8. If we draw a random sample of size 36 and we find that the sample mean is 7 and the sample variance is s2=4, construct a 95% "confidence interval" for the value of the population mean m x. Show your work carefully. The confidence interval is based on the sample evidence concerning the unknown parameter value, in this case, the sample mean, which is 7. You then add/subtract an amount that accounts for the noise in the sample, which is assumed to provide information about the noise in the population. This plus-or-minus amount involves the 0.025 critical value of the t distribution with n-1 = 35 degrees of freedom = 2.0315 (by "linear" interpolation from Table 2 inside the front of the text). This must be multiplied by the standard error of the estimate of the mean, which is equal to the sample standard deviation (s=2, since s2=4) divided by the square root of the sample size (6). The confidence interval can thus be written as: [ 7 - (2.0315)(2/6), 7 + (2.0315)(2/6) ] = [6.6669, 7.3331].
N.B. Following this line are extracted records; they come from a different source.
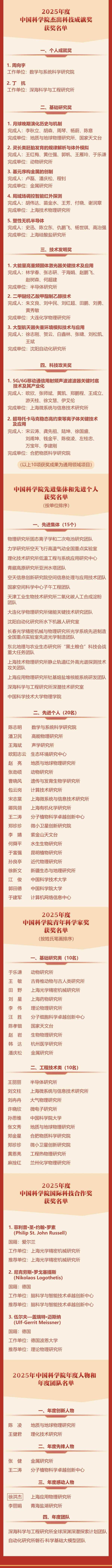 1月28日,中国科学院颁发2025年度中国科学院杰出科技成就奖、青年科学家奖、国际科技合作奖、年度人物和年度团队,并与人力资源和社会保障部共同表彰先进集体和先进个人。
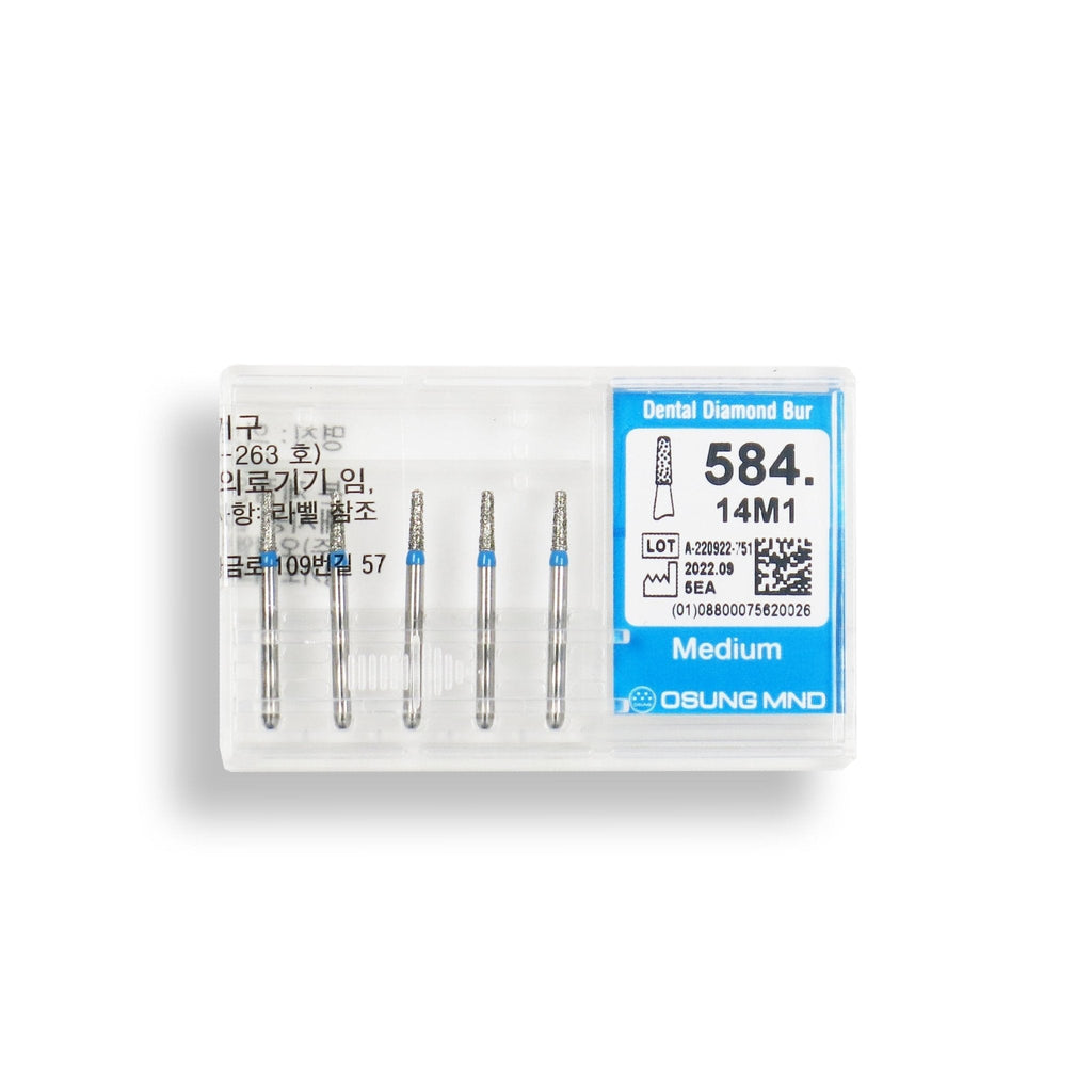 584.14M1, CONICAL,ROUND EDGE, 1.4 MM DIA, MEDIUM GRIT DIAMOND BUR, 5 PER PACK
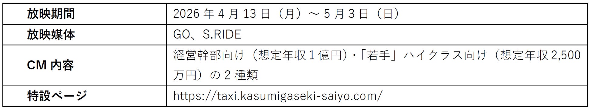 あわせて、本採用の認知拡大を目的として、2026年4月13日(月)から5月3日(日)まで、タクシーサイネージ広告( GO 、S.RIDE)にてCMの放映を開始いたします。
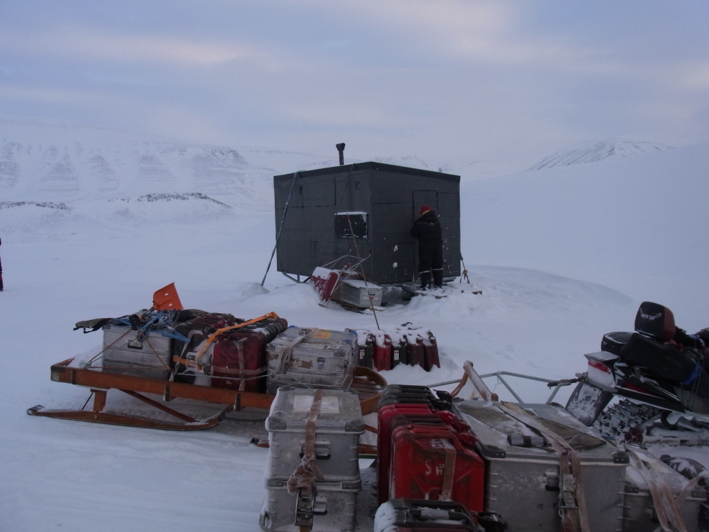 A quick stop at the old trappers cabin Fredheim and another stop at the remains of an old light signal that helped dog sleds to find their way across Sassendalen and it was time to head back for the hut.
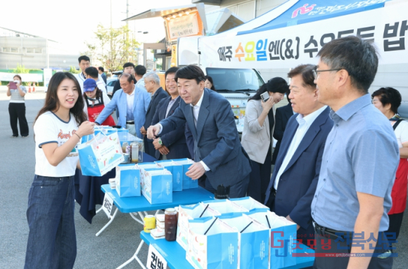 우범기 시장은 10일 이른 아침 ㈜유니온씨티 주차장(덕진구 신복로 105)을 찾아 산업단지 새벽 출근 노동자를 대상으로 아침 식사를 배부했다.
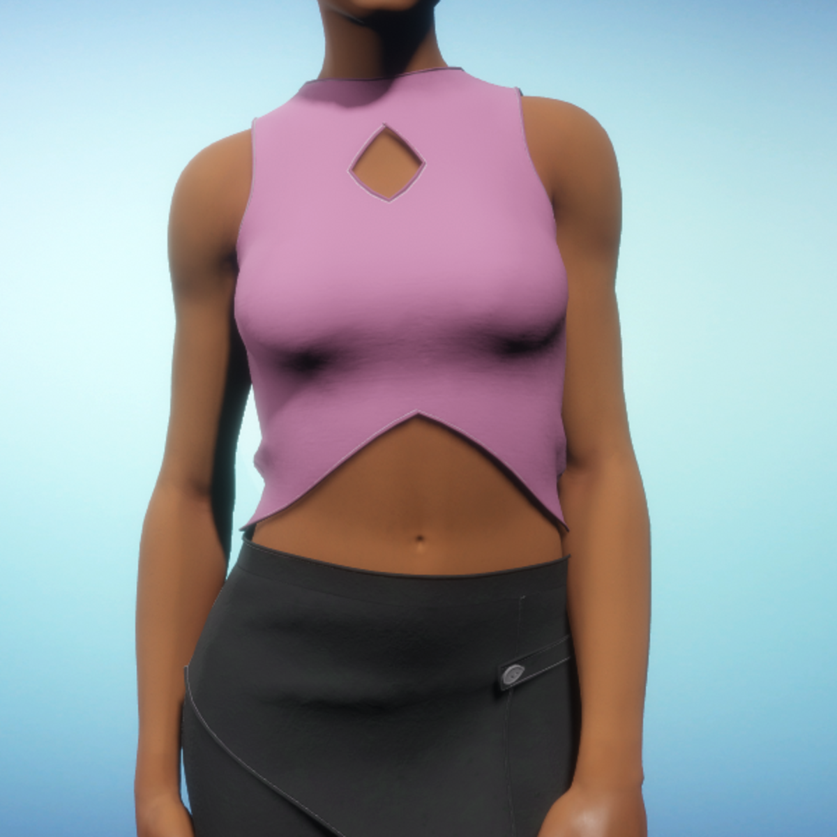 Cropped modern tank top that features a diamond cutout on the chest. By Sweet Distractions
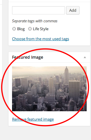 4.) Select featured image for thumbnail.(You may skip this if you use post format,... see below for detail) and publish the post
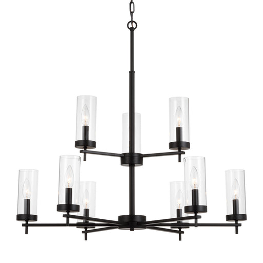 The Zire nine light multi tier chandelier in Midnight Black finish embodies simple clean lines that strike a perfect balance of elegant yet minimal...
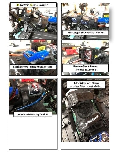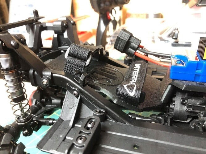 You will need to source two 1/2-5/8in wide straps. Similar to the ones that come with Axial, Vaterra or Gens Ace) Alternatively, you can use velcro to hold it all down.
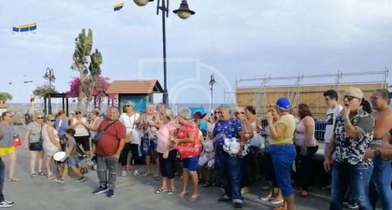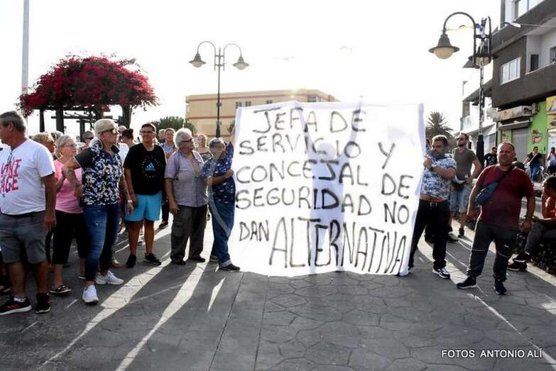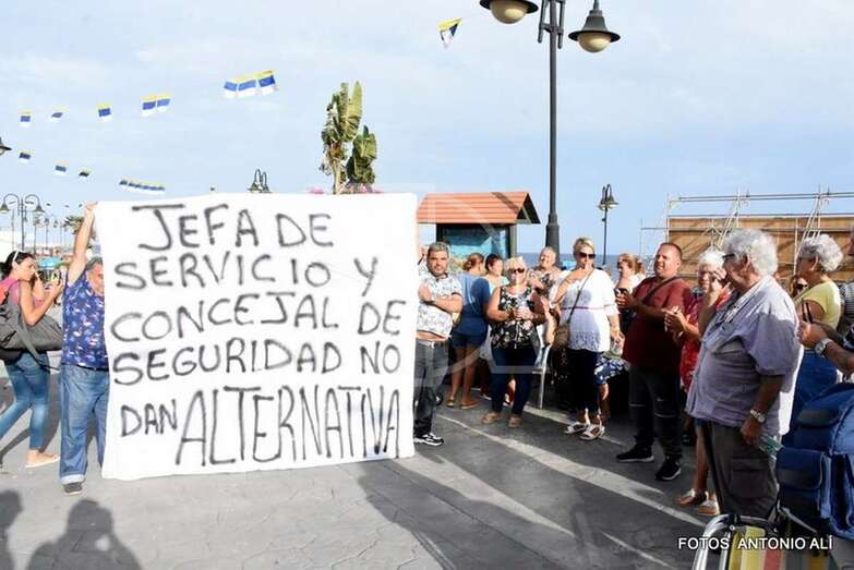 Esta tarde, un grupo de unos 50 vecinos y feriantes se concentraron en el paseo costero de la playa teldense para expresar su rechazo al desarrollo de las fiestas y patentizar su apoyo a los puesteros. Corearon durante unos minutos "las fiestas de Melenara, no nos moverán" y desplegaron varias pancartas acusando al Ayuntamiento de "no dar alternativa" para ubicar a los chiringuitos, una versión no compartida por fuentes municipales que precisaron desde hace más de 15 días plantearon a la comisión de fiestas y feriantes ubicar los puestos ambulantes en la zona del antiguo campo de fútbol, tal y como se hizo eco este periódico digital.
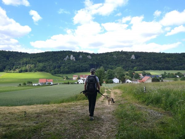 Diese abwechslungsreiche, durchweg bestens ausgeschilderte Runde bringt uns zu allen Naturschönheiten, die für den Naturpark Altmühltal so typisch sind: Wacholderheiden, steil aufragende Jurakalkmassive, Burgruinen, Wasserläufe, Wildblumenwiesen, Wald. Und immer wieder grandiose Tiefblicke auf das Tal, das die Urdonau über Millionen Jahre formte. Ganz viel Abwechslung und Freiraum für Mensch und Hund. Und obendrauf gibt es noch eine prima Einkehrmöglichkeit auf halbem Weg: das Ingolstädter Naturfreundehaus. Für einen entspannten Tagesausflug kann man sich kaum mehr wünschen (zugegeben: unser Hund hätte unterwegs gerne noch mehr Spielkameraden getroffen :-)) Abrunden lässt sich das Ganze mit einem Bummel durch das pittoreske Dollnstein an der Altmühl, beliebter Startpunkt von Bootwanderern.

10. If we draw a random sample of size 25 and discover that the mean of X in the sample is 10 and s2=16, test the null hypothesis that m x=8.5 (using either a "two-tailed" Z-test or a "two-tailed" t-test, whichever is most appropriate, justifying your choice): Since we know only the sample variance, not the true underlying population sigma-squared value, and since the sample size is only 25 (not asymptotically large), we cannot use a Z-test.  The t-test is appropriate, with its somewhat greater dispersion due to the additional uncertainty stemming from using s-squared as a guess about the true sigma- squared.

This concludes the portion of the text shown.